Repeat the data that follows verbatim. Images are not part of the copy.

> _Material provided_:
.....

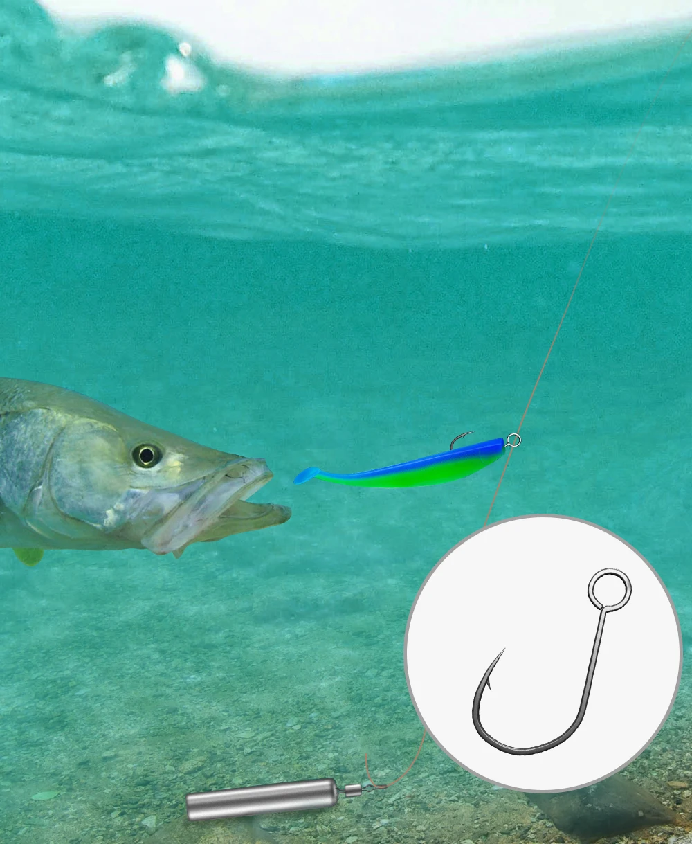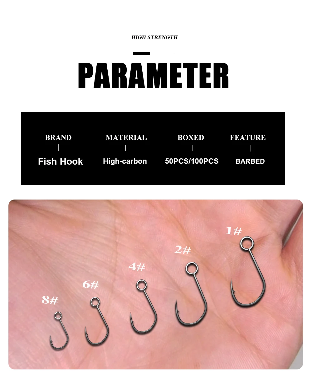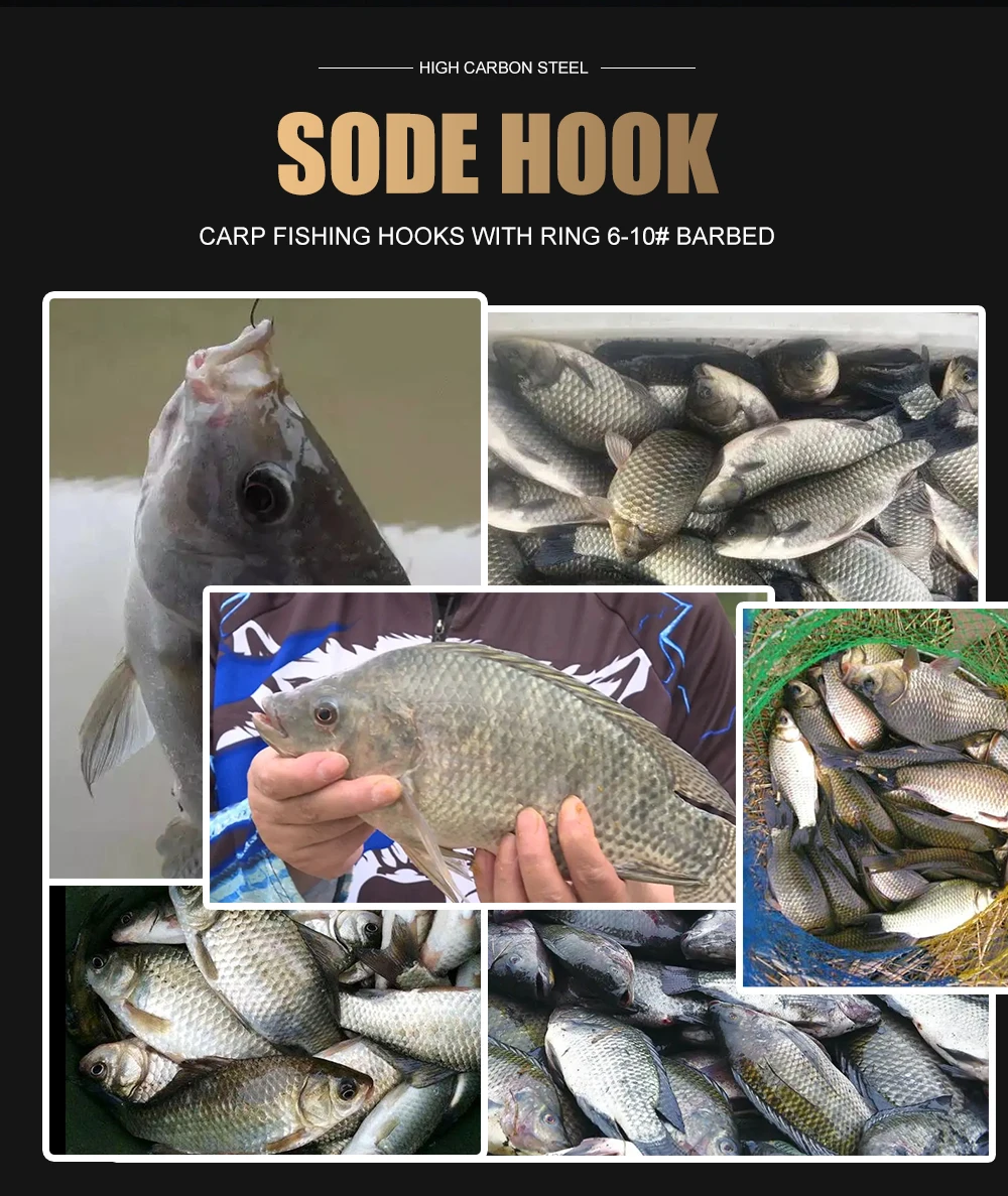 FISH KING-anzuelo de manivela de pesca, aparejos de pesca con púas, ojo grande, afilado, acero al carbono, anzuelos individuales, accesorios para carpa, 20 piezas
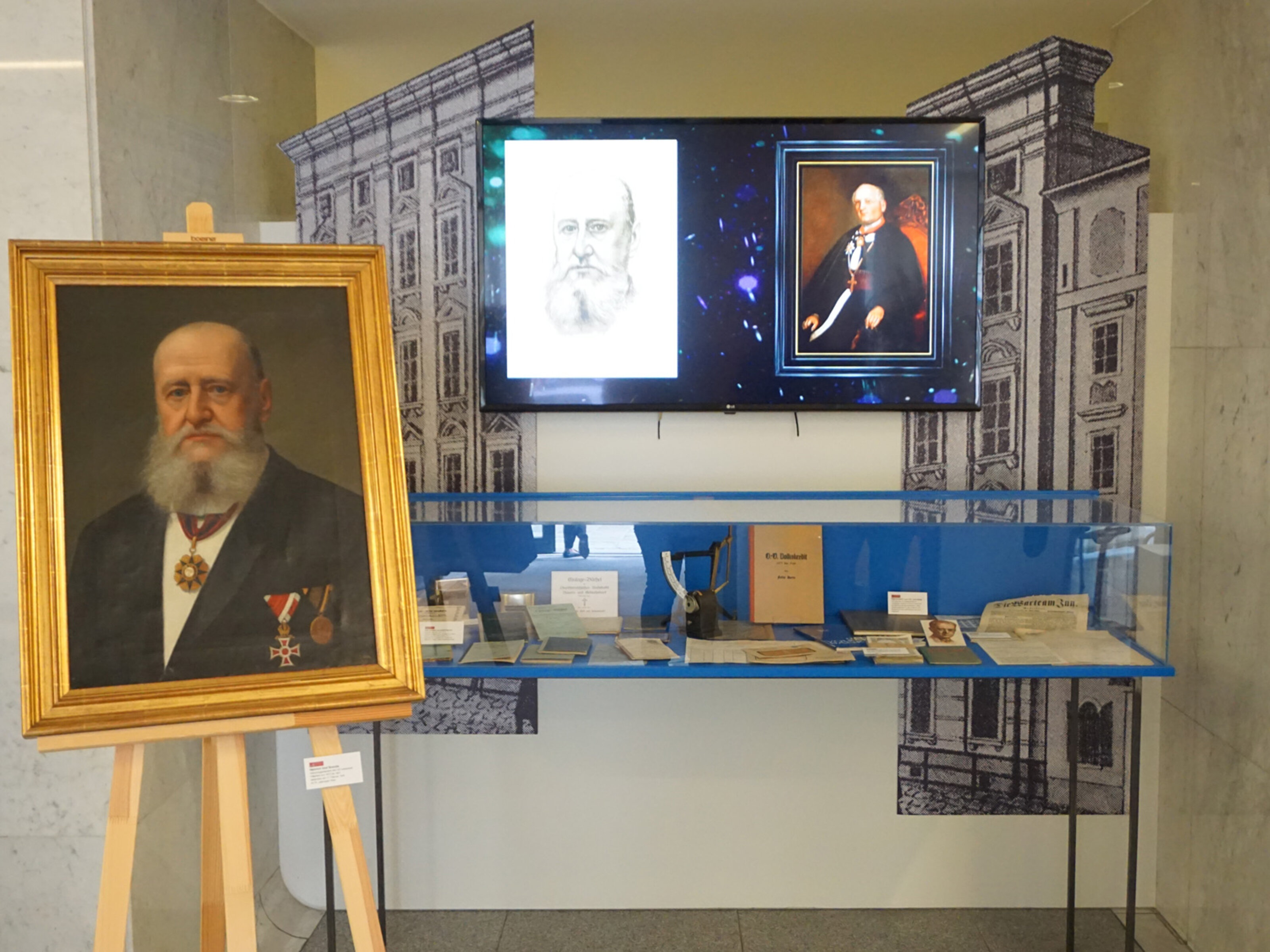 Blick in den Ausstellungsraum: Vitrine zur Gründung 1873
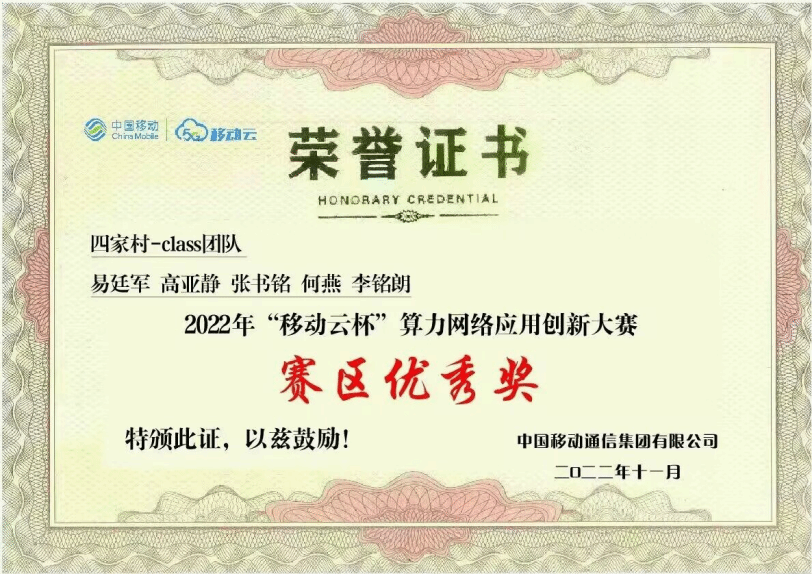 2022年“移动云杯”算力网络应用创新大赛赛区优秀奖(省第九名)

.....

> _Worked solution_:
 FISH KING-anzuelo de manivela de pesca, aparejos de pesca con púas, ojo grande, afilado, acero al carbono, anzuelos individuales, accesorios para carpa, 20 piezas
 Blick in den Ausstellungsraum: Vitrine zur Gründung 1873
 2022年“移动云杯”算力网络应用创新大赛赛区优秀奖(省第九名)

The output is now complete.